- Born: Burton Edward Grossman February 15, 1918 Corpus Christi, Texas, U.S.
- Died: November 12, 1999 (aged 81) London, United Kingdom
- Education: University of Texas at Austin The John Dewey University Consortium of America
- Occupation: Founder of Grupo Continental
- Spouse: Shirley Fleishman

= Burton E. Grossman =

American businessman

Burton Edward Grossman (February 15, 1918 – November 12, 1999) was an American-Mexican international businessman, health and education promoter, who served as chairman and CEO of Grupo Continental, a holding company established in Tampico, Tamaulipas, Mexico, that owns and operates 46 corporations dealing with soft drinks, sugar refining, mineral water, cooling systems, plastics, and mainly bottling factories for The Coca-Cola Company in Mexico.

==Early life==
Grossman was born in Corpus Christi, Texas. He completed his education in Business Administration at the University of Texas at Austin. He studied a Doctor of Law at The John Dewey University Consortium of America in New York, and obtained an Honorary degree in Business Administration from the same university.
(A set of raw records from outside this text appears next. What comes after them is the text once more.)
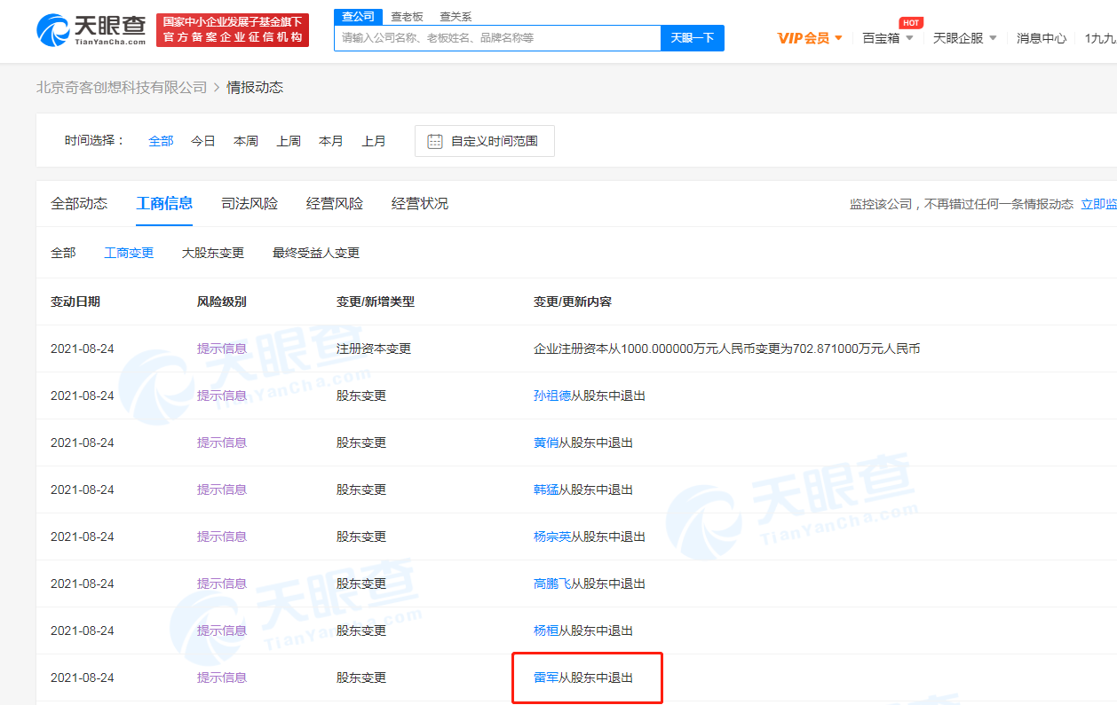 据天眼查APP显示,近日,7k7k游戏关联公司北京奇客创想科技有限公司发生工商变更,原股东雷军等退出,同时注册资本从1000万减至约703万。
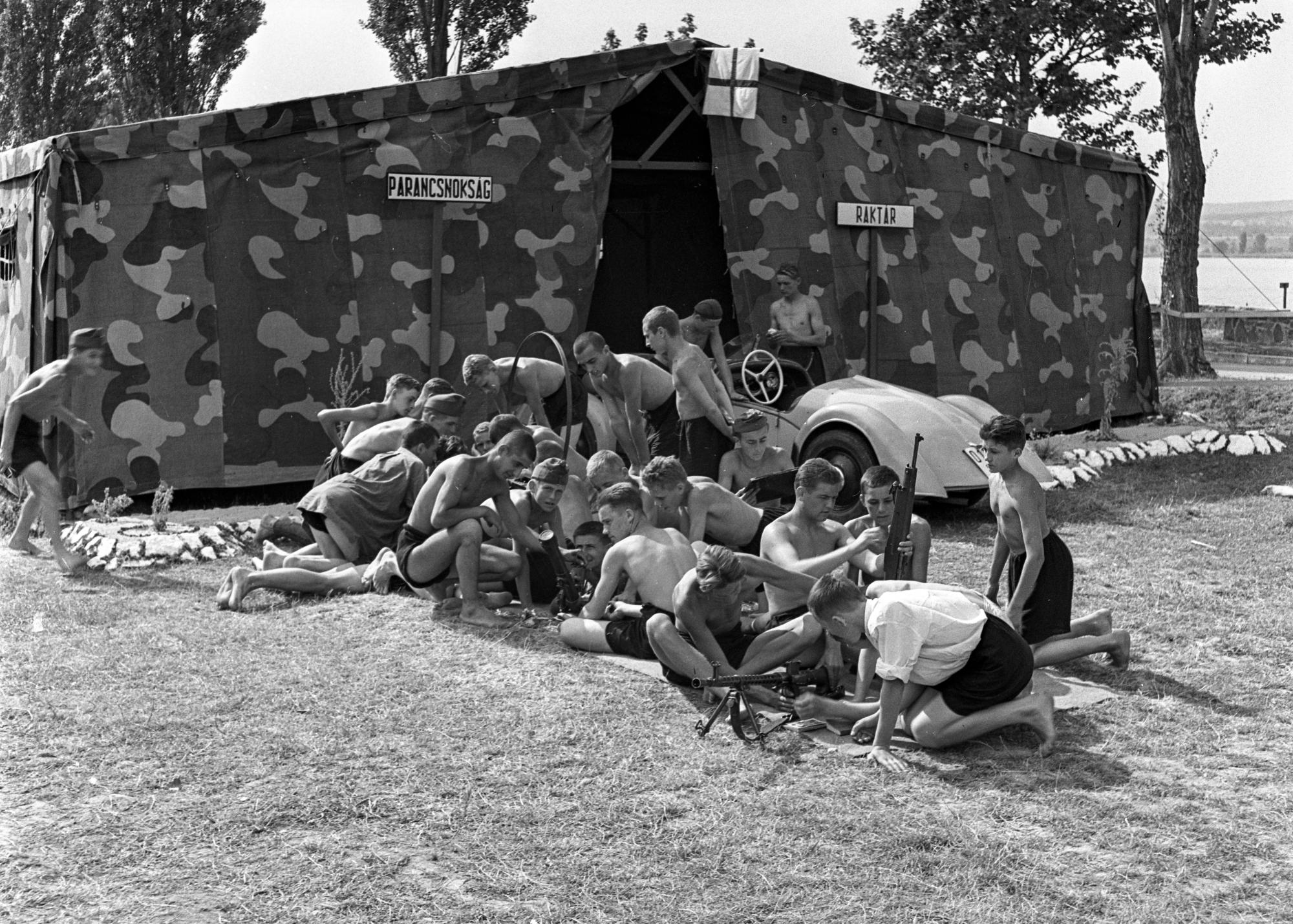 Tihany - Gödrös, 1943: A honvédség központi gépkocsijavító műhelyének tanonctábora. A kép jobb oldalán épp a Király géppisztollyal ismerkednek. Lissák Tivadar/FORTEPAN
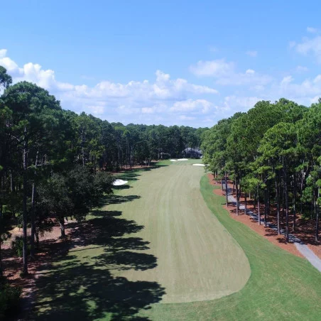 Le parcours traverse un environnement authentique composé de pins élancés, de chênes centenaires et de lagunes qui serpentent entre les trous. Les zones humides bordant plusieurs fairways demandent une bonne gestion des trajectoires, surtout lorsque le vent s’invite dans la partie. Les transitions entre les trous se font au cœur de couloirs boisés, renforçant le caractère paisible et immersif du parcours. La faune locale — oiseaux, tortues, petits animaux — accompagne discrètement les golfeurs, rappelant la richesse naturelle de Hilton Head Island. La lumière changeante au fil de la journée sublime les couleurs du parcours, en particulier autour des étangs et des greens surélevés.

He acquired Mexican citizenship in 1955. Burton married Shirley Fleishman, daughter of Herman Harris Fleishman, son of the founder of Grupo Tampico. They had two children: Cynthia Helene and Bruce Edward Grossman.

==Business career==
Grossman founded Grupo Continental in 1964. He encouraged the collective benefit, and was one of the main promoters in education in the south of Mexican state Tamaulipas with donations who became a Multipurpose Building on his honor name and San Antonio, Texas. He was also chairman of InterContinental Bank Shares Corporation, and he was member and/or advisor to multiple Boards of Trustees in San Antonio, the Southern United States and in Mexico.

He presided over the board of directors of the Tamaulipas Institute of Higher Education from 1978 to 1999. He contributed with important donations for the development of this university.

Known for his great generosity of time and money to the arts, education and medical research, Grossman is credited for making the largest financial gift in the history of UIW, helping build the International Conference Center and the proposed science and energy center while establishing scholarships for business majors and students in financial need. Grossman received the Ohtli Award from the Mexican government in 1998. Grossman died in November 1999 in London.